The example electro-optical connector 101 may also include a first conductive alignment feature 108. The first conductive alignment feature 108 may be electrically engaged with an electrical contact 120 within the example electro-optical connector 101, such that the first conductive alignment feature can receive an electrical signal or electrical power from the electrical contact 120. In some implementations, the first conductive alignment feature 108 may be a first conductive guide post. The first conductive guide post 108 may comprise a conductive material, such as metal, for example, in some implementations. The first conductive guide post 108 may mechanically and electrically engage with the first conductive alignment feature 110 of the complementary electro-optical connector 106. The first conductive alignment feature 110 may be electrically engaged with an electrical contact 122 within the complementary electro-optical connector 106, such that the first conductive alignment feature 110 can receive an electrical signal or electrical power from the electrical contact 122. In some implementations, the first conductive alignment feature 110 may be a first guide pocket 110. The first guide pocket 110 may be a cavity or pocket disposed within the complementary electro-optical connector 106 and sufficiently sized and structured to receive the first conductive guide post 108. The first guide pocket 110 may be engaged with the electrical contact 122, such that the electrical contact extends partially into the first guide pocket 110. Upon the first guide pocket 110 receiving the first conductive guide post 108, the electrical contact 122 may come into electrical engagement with the first conductive guide post 108. Therefore, in other words, when the guide post 108 is inserted into the guide pocket 110, the guide post 108 may be able to conduct an electrical signal or electrical power from the electrical contact 120 to the electrical contact 122, and vice versa.

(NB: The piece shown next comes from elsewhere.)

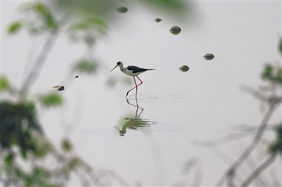 此次在海口东寨港红树林自然保护区(以下简称东寨港保护区),边缘就拍摄到了黑翅长脚鹬、白鹭等鸟类。在他的照片里,黑翅长脚鹬鸟如其名,双脚修长,翅膀呈现黑色。画面中,黑翅长脚鹬细而长的双脚,支撑着有着完美流线的身体,体态绰约。尖而长的喙,是它生来便有且赖以生存的“武器”,一双专注的眼睛,似乎在紧盯水里的动态,随时准备着扎进水里捕食。

The example electro-optical connector 101 may also include a second conductive alignment feature 112. In some implementations, the second conductive alignment feature 112 may be similar in structure or function to the first conductive alignment feature 108. In other implementations, the second conductive alignment feature 112 may have a different structure. The second conductive alignment feature 112 may be electrically engaged with an electrical contact 124 within the example electro-optical connector 101, such that the second conductive alignment feature 112 can receive an electrical signal or electrical power from the electrical contact 124. In some implementations, the second conductive alignment feature 112 may be a second guide pocket 112, which may be similar in structure and function to first guide pocket 110. The second guide pocket 112 may mechanically and electrically engage with the second conductive alignment feature 114 of the complementary electro-optical connector 106. The second conductive alignment feature 114 may be electrically engaged with an electrical contact 126 within the complementary electro-optical connector 106, such that the second conductive alignment feature 114 can receive an electrical signal or electrical power from the electrical contact 126. In some implementations, the second conductive alignment feature 114 may be a second conductive guide post, which may be similar in structure and function to the first conductive guide post 108. Therefore, in other words, when the conductive guide post 114 is inserted into the guide pocket 112, the conductive guide post 114 may be able to conduct an electrical signal or electrical power from the electrical contact 124 to the electrical contact 126, and vice versa.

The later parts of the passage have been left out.